A Neural Transducer
Venue
NIPS 2016 (2016) (to appear)
Publication Year
2016
Authors
Navdeep Jaitly, David Sussillo, Quoc V. Le, Oriol Vinyals, Ilya Sutskever, Samy Bengio
BibTeX
Abstract
Sequence-to-sequence models have achieved impressive results on various tasks.
However, they are unsuitable for tasks that require incremental predictions to be
made as more data arrives or tasks that have long input sequences and output
sequences.

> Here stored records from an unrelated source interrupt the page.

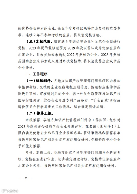 2.连续2年不参加考核的企业,将取消复核资格;2023年复核范围内企业未参加或未通过本次复核的,将取消优势企业或示范企业资格。
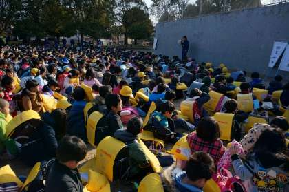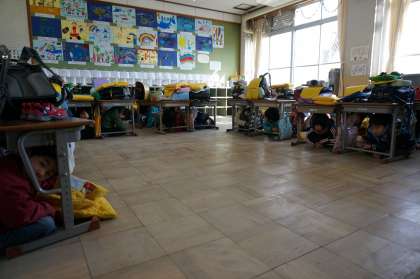 23年前の阪神淡路大震災の後から続いている訓練です。周囲を住宅に囲まれている桂東小学校では,大規模な震災で周囲に火災が発生すると逃げ道がなくなる恐れがあります。
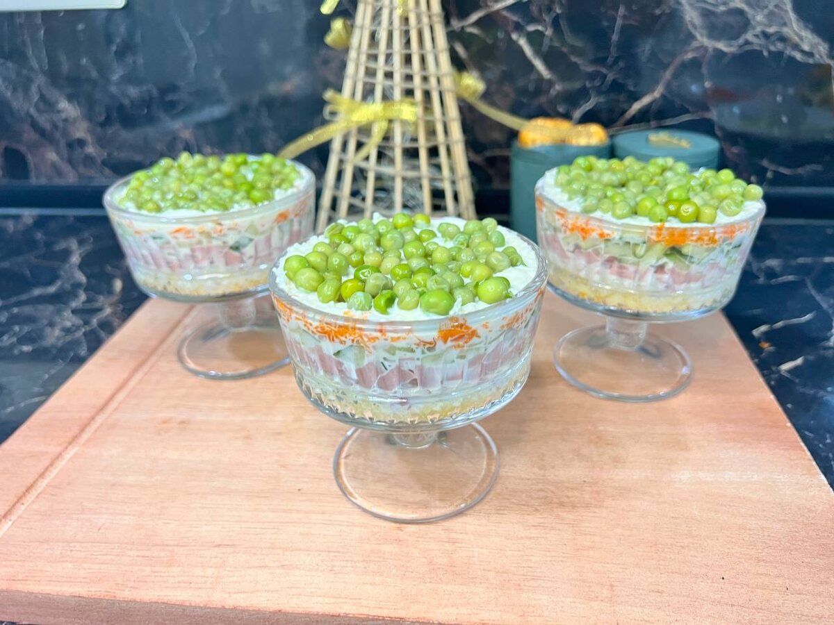 Всем привет! Новый год уже совсем близко, продолжаем к нему готовиться. Сегодня приготовим наш любимый салат оливье в креманках слоями. Подготавливаем все необходимые ингредиенты и приступаем.
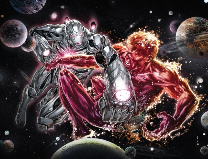 Korvac followed Thor to present day Earth-616, where he happened upon the Tau II, the worldship of planet consuming entity Galactus. Attempting to download the ship's vast treasure trove of knowledge into his own system, Korvac was imbued with the Power Cosmic. Now elevated to near omnipotence, Korvac altered his appearance into an idealized version of his original human form and traveled to Earth with the intent of reshaping it into a utopia.
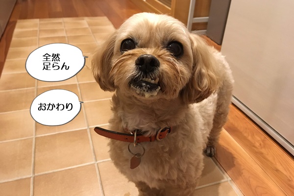 なので、手作り食でべちゃべちゃなごはんを食べている愛犬コニーは、いつもごはんの後はこんな感じになります(笑)。
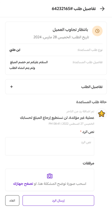 The ticketing system is designed to help customers manage and follow up on their requests. It allows customers to submit tickets, track request status, and attach all required details. The ticketing system acts as a direct communication channel between the customer and the merchant.
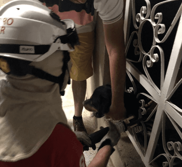 Segundo informações do 9º GBM, o animal corria risco de morrer, uma vez que, ao tentar se livrar desesperadamente daquela situação, ele estava sendo perfurado pelos arames da grade. Utilizando equipamentos adequados, os bombeiros cerraram a grade e livraram o cão.
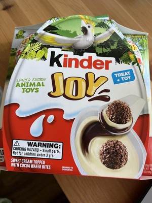 Bring the excitement of the animal kingdom home with Kinder Joy Natoons eggs. Discover two sides of fun with this Kinder Joy Egg. The treat side of the egg features two layers of creamy deliciousness–one cocoa and one sweet cream. Plus there are two crispy, chocolately-covered wafer bits filled with cocoa cream. The toy side of the egg hides a surprise Natoons animal figure, making these eggs perfect for kids. Individually wrapped and easy to enjoy on the go, Kinder Joy Natoons eggs are the perfect mix of delicious flavor and educational fun for kids of all ages.
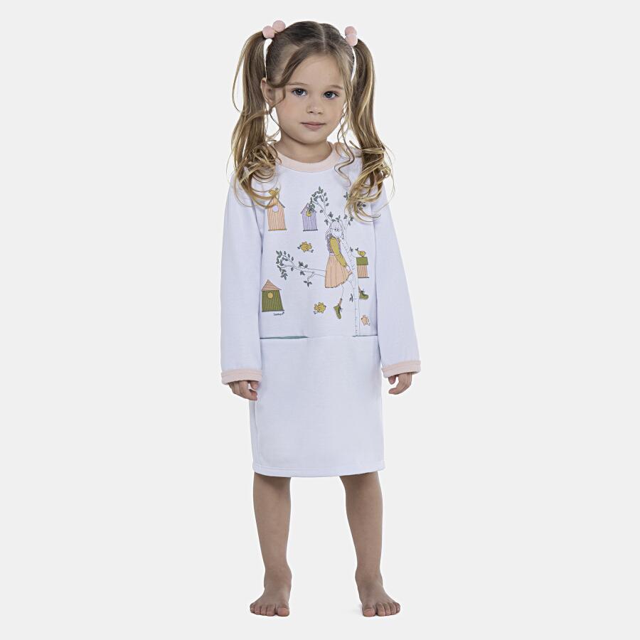 Camisão manga longa com bolsos e estampa local na parte frontal e detalhe em viés no decote, tic-tac na gola para facilitar o vestir, confeccionado em moletinho peluciado 50% algodão e 50% poliéster.
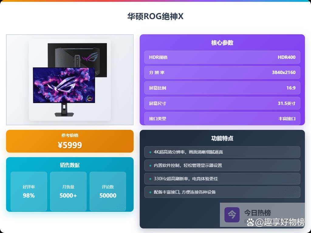 总的来说,华硕胜在品牌、技术和做工,适合追求极致体验的用户;KTC胜在性价比,适合预算有限但又想体验主流功能的用户。选哪个更好,还是要看你自己的实际需求和预算。接下来,就给大家推荐几款具体型号,大家可以结合自己的情况,好好对比一下。
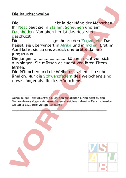 Die Rauchschwalbe Die . lebt in der Nähe der Menschen. Ihr Nest baut sie in Ställen, Scheunen und auf Dachböden. Von oben her ist das Nest stets geschützt. Die . gehört zu den Zugvögeln. Das heisst, sie überwintert in Afrika und in Indien. Erst im April kehrt sie zu uns zurück und brütet da ihre Jungen aus. Die jungen . können nicht von sich aus singen. Sie müssen es zuerst von ihren Eltern lernen. Die Männchen und die Weibchen sehen sich sehr ähnlich. Nur die Schwanzfedern des Weibchens sind etwas länger als die des Männchens. Schreibe den Text fehlerfrei ab. Bei den punktierten Linien setzt du den Namen deines Vogels ein. Anschliessend zeichnest du eine Rauchschwalbe. Du darfst dazu eine Vorlage benutzen.
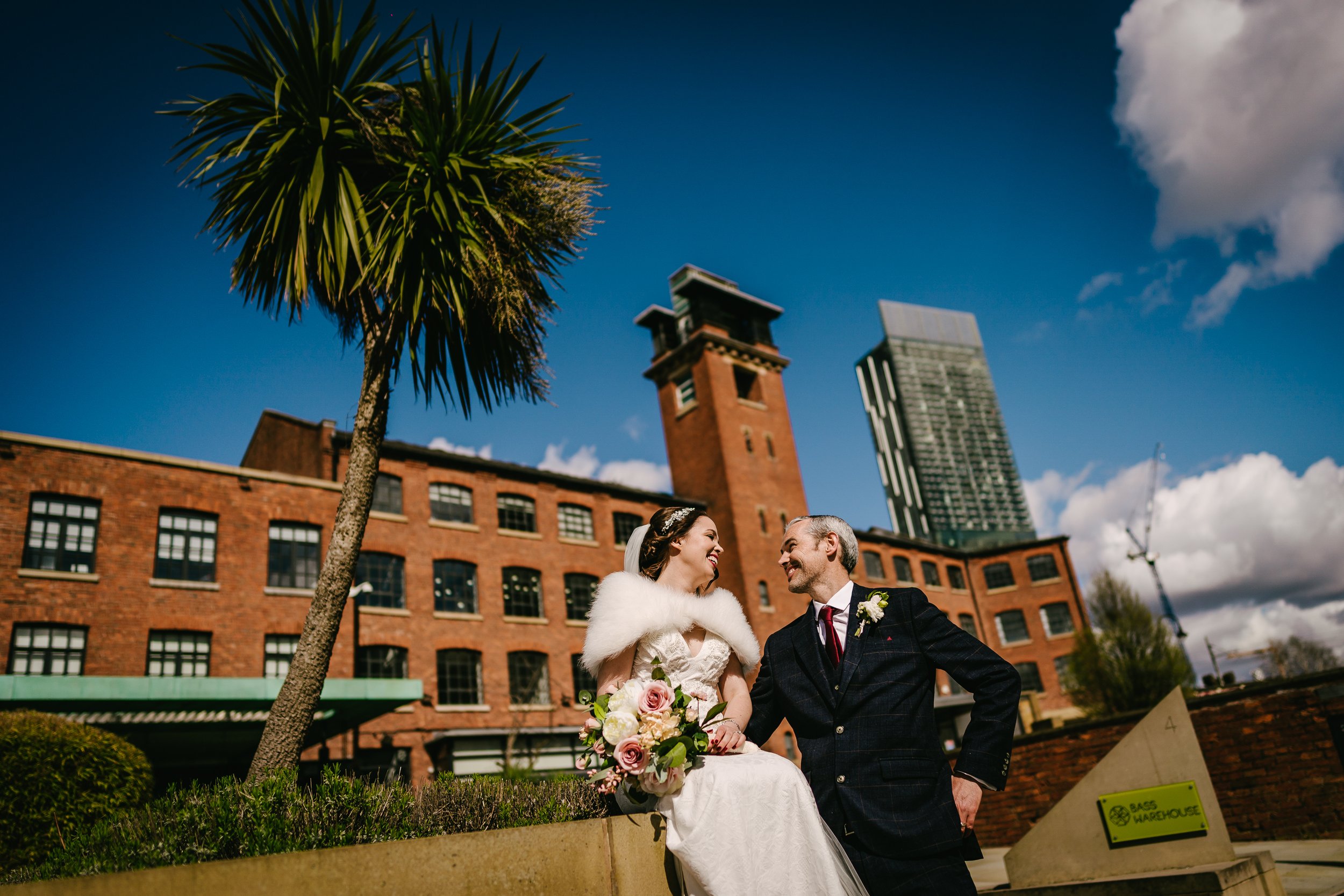 A bride and groom smiling at each other outdoors near a brick building with a tall tower and city skyscrapers in the background, on a sunny day with blue sky and some clouds.
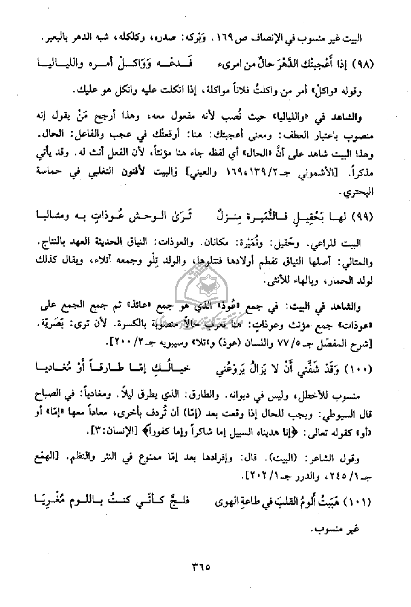 وهذا البيت شاهد على أنّ «الحال» أي لفظه جاء هنا مؤنثا، لأن الفعل أنث له. وقد يأتي مذكرا. [الأشموني ج 2/ 139، 169 والعيني] والبيت لأفنون التغلبي في حماسة البحتري.
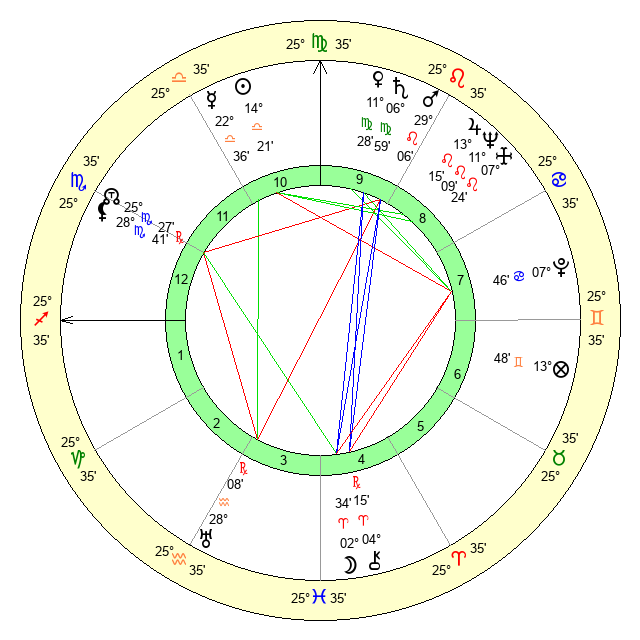 | Saturn | 7 Virgo 39 | 27 Pisces 4 | 11 Virgo 37 |
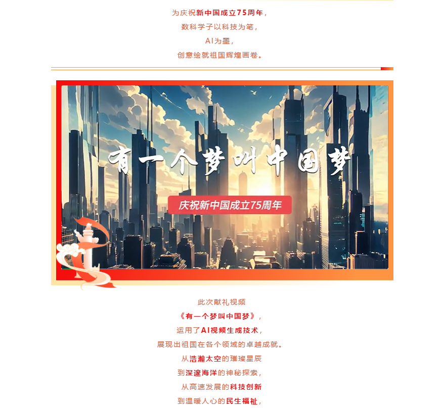 数据科学学院创新爱国主义教育的方式方法,将其融入学生专业知识的学习实践中,开展了“代码传情:三行代码颂祖国”活动,学生运用所学的编程知识,用三行代码表达对祖国的热爱和祝福;开展“时光焕彩:AI唤醒老照片的祖国记忆”活动,同学们收集具有历史意义的与祖国发展相关的照片,运用人工智能技术,如图像修复、上色、动态化等手段,让老照片焕发生机;院学生会运用AI视频生成技术,创新出品AI献礼视频《有一个梦叫中国梦》,让同学们在提升专业本领的同时,以拳拳之心告白祖国。
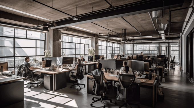 kudamon_An_stylish_and_open_office_space_with_an_open_ceiling._74d4edad-325e-4fcd-9ba0-956d33def388
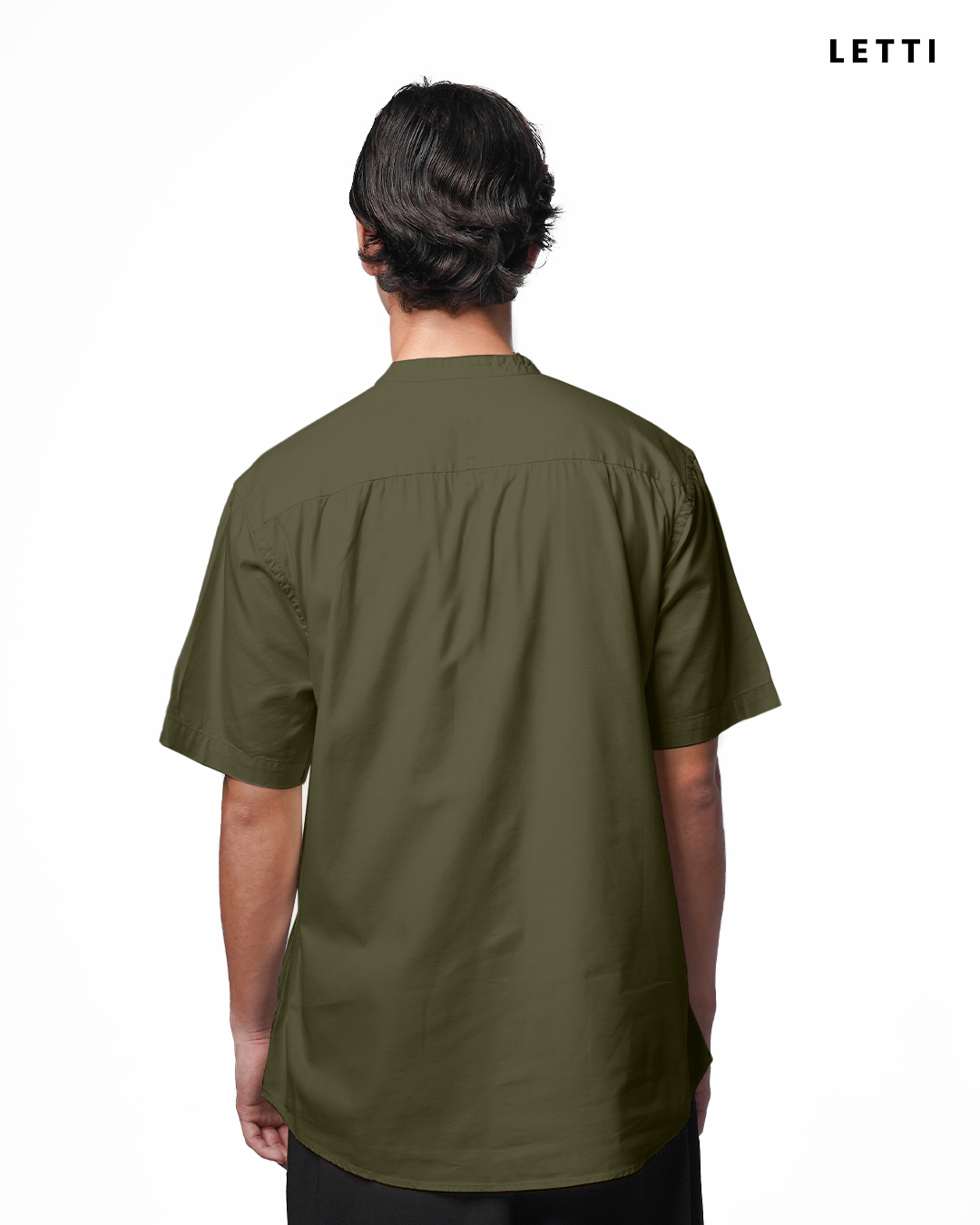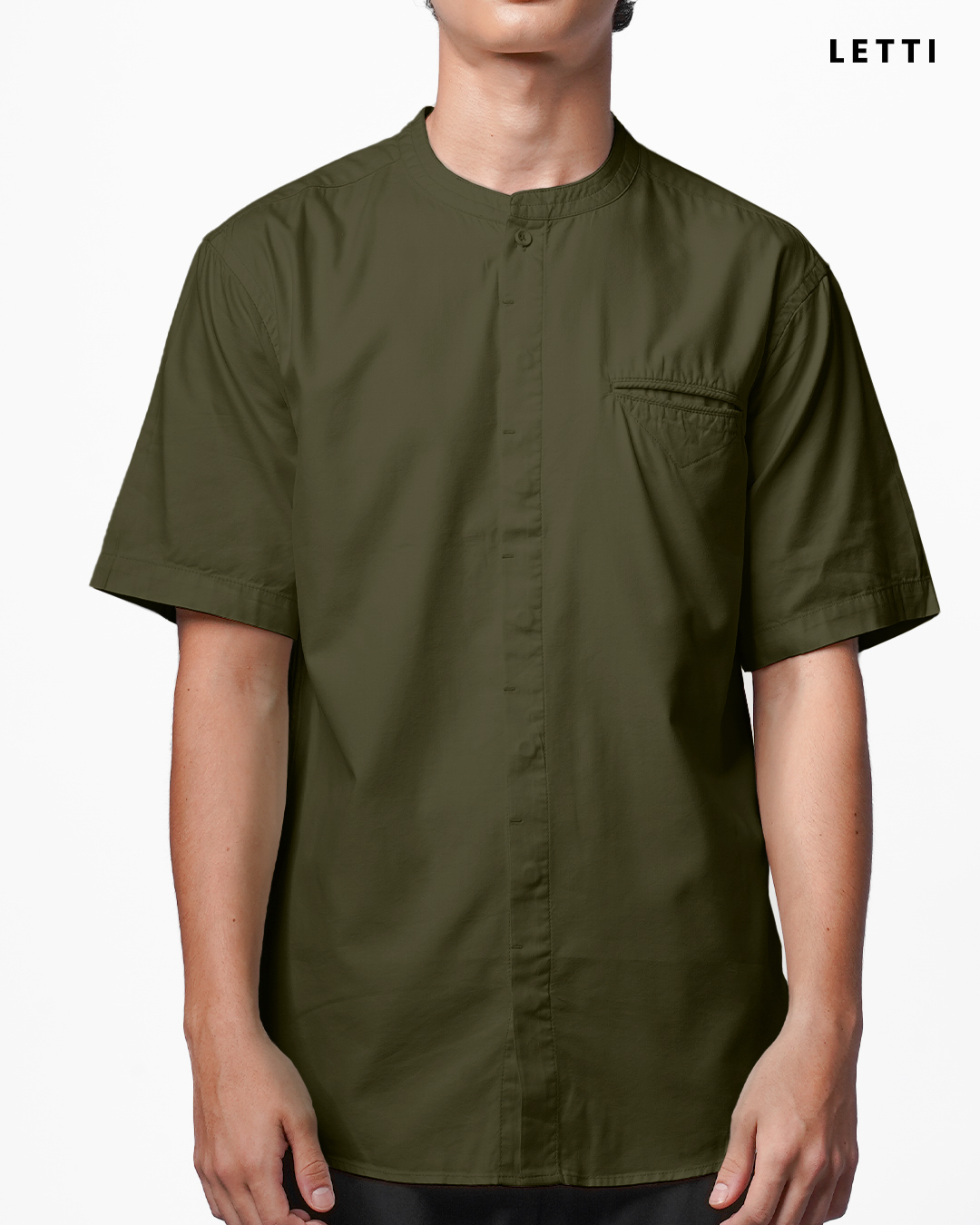Model: Kemeja Koko Lengan Pendek Pria dengan kerah shanghai ramping, kantong bobok, dan full hidden plaket di bagian depan.

This is because they generate an output sequence conditioned on an
entire input sequence. In this paper, we present a Neural Transducer that can make
incremental predictions as more input arrives, without redoing the entire
computation. Unlike sequence-to-sequence models, the Neural Transducer computes the
next-step distribution conditioned on the partially observed input sequence and the
partially generated sequence. At each time step, the transducer can decide to emit
zero to many output symbols. The data can be processed using an encoder and
presented as input to the transducer. The discrete decision to emit a symbol at
every time step makes it difficult to learn with conventional backpropagation. It
is however possible to train the transducer by using a dynamic programming
algorithm to generate target discrete decisions. Our experiments show that the
Neural Transducer works well in settings where it is required to produce output
predictions as data come in. We also find that the Neural Transducer performs well
for long sequences even when attention mechanisms are not used.